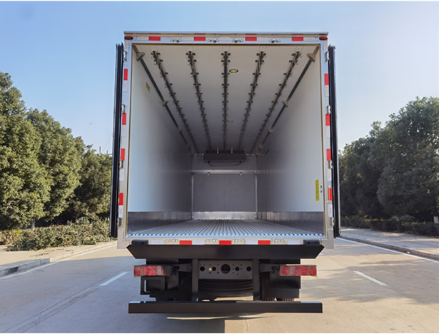 汕德卡9米6氣囊橋冷藏車廂體配置為:斷橋隔溫工藝,整體結構框架,內外面料為3mm新款啞光玻璃鋼夾保溫層真空復合而成,廂體厚度為8cm,最新款鋁合金包邊型材,型材局部厚度為4mm(鋼制鉚釘加固),廂體內部采用2個LED照明燈及廂體示寬燈,后門框不銹鋼材質,門框密封條為三元乙丙橡膠材質,加厚型不銹鋼合頁及鎖件;副梁為Q700車用大梁鋼,15mm厚大梁墊皮,加裝防撞膠塊,不銹鋼門鎖件,配后雙開門,副駕駛一側居中靠前開單側門一個,帶2個排水孔。汕德卡9米6氣囊橋冷藏車冷機配置:可選安裝颶豐,凱利,凱雪,冷王,開利等冷藏機組,最低溫度可達-18度。車廂內溫度可根據需求自由調節(jié);溫度控制器安裝在駕駛室內,方便操作控制。選裝配置:通風槽,肉鉤導軌,卡槽等。
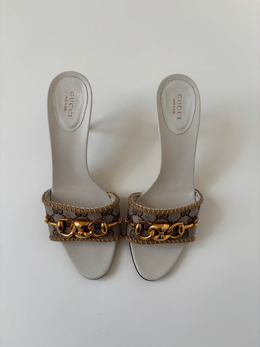 Gucci by Tom Ford 2000s beige monogram chain sandals (EU 39 / US 8.5)
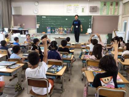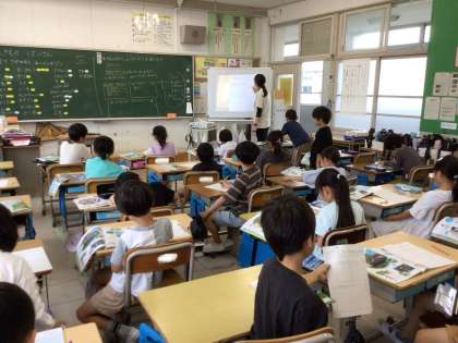 2年生が図工で制作した作品の鑑賞を行っていました。作品の色づかいやデザインの良さなど、意見交流をしていました。
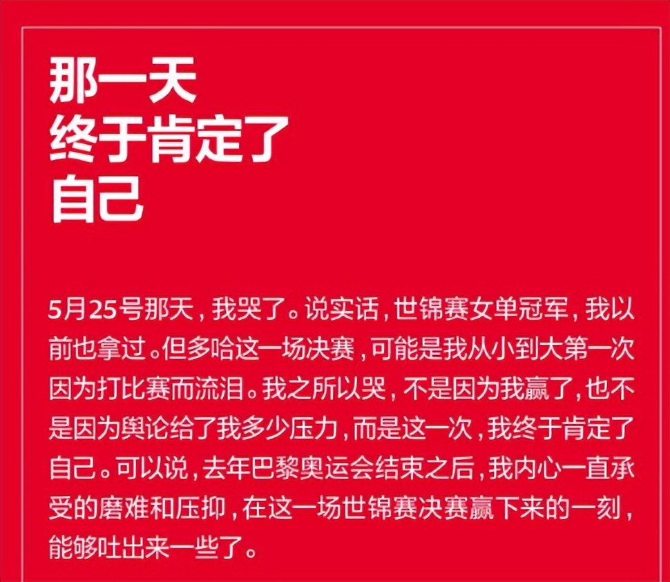 她自己解释说那次哭不是因为赢了或者舆论压力太大,而是终于肯定了自己。
++++
Restate the data above word for word, omitting every picture.

 汕德卡9米6氣囊橋冷藏車廂體配置為:斷橋隔溫工藝,整體結構框架,內外面料為3mm新款啞光玻璃鋼夾保溫層真空復合而成,廂體厚度為8cm,最新款鋁合金包邊型材,型材局部厚度為4mm(鋼制鉚釘加固),廂體內部采用2個LED照明燈及廂體示寬燈,后門框不銹鋼材質,門框密封條為三元乙丙橡膠材質,加厚型不銹鋼合頁及鎖件;副梁為Q700車用大梁鋼,15mm厚大梁墊皮,加裝防撞膠塊,不銹鋼門鎖件,配后雙開門,副駕駛一側居中靠前開單側門一個,帶2個排水孔。汕德卡9米6氣囊橋冷藏車冷機配置:可選安裝颶豐,凱利,凱雪,冷王,開利等冷藏機組,最低溫度可達-18度。車廂內溫度可根據需求自由調節(jié);溫度控制器安裝在駕駛室內,方便操作控制。選裝配置:通風槽,肉鉤導軌,卡槽等。
 Gucci by Tom Ford 2000s beige monogram chain sandals (EU 39 / US 8.5)
 2年生が図工で制作した作品の鑑賞を行っていました。作品の色づかいやデザインの良さなど、意見交流をしていました。
 她自己解释说那次哭不是因为赢了或者舆论压力太大,而是终于肯定了自己。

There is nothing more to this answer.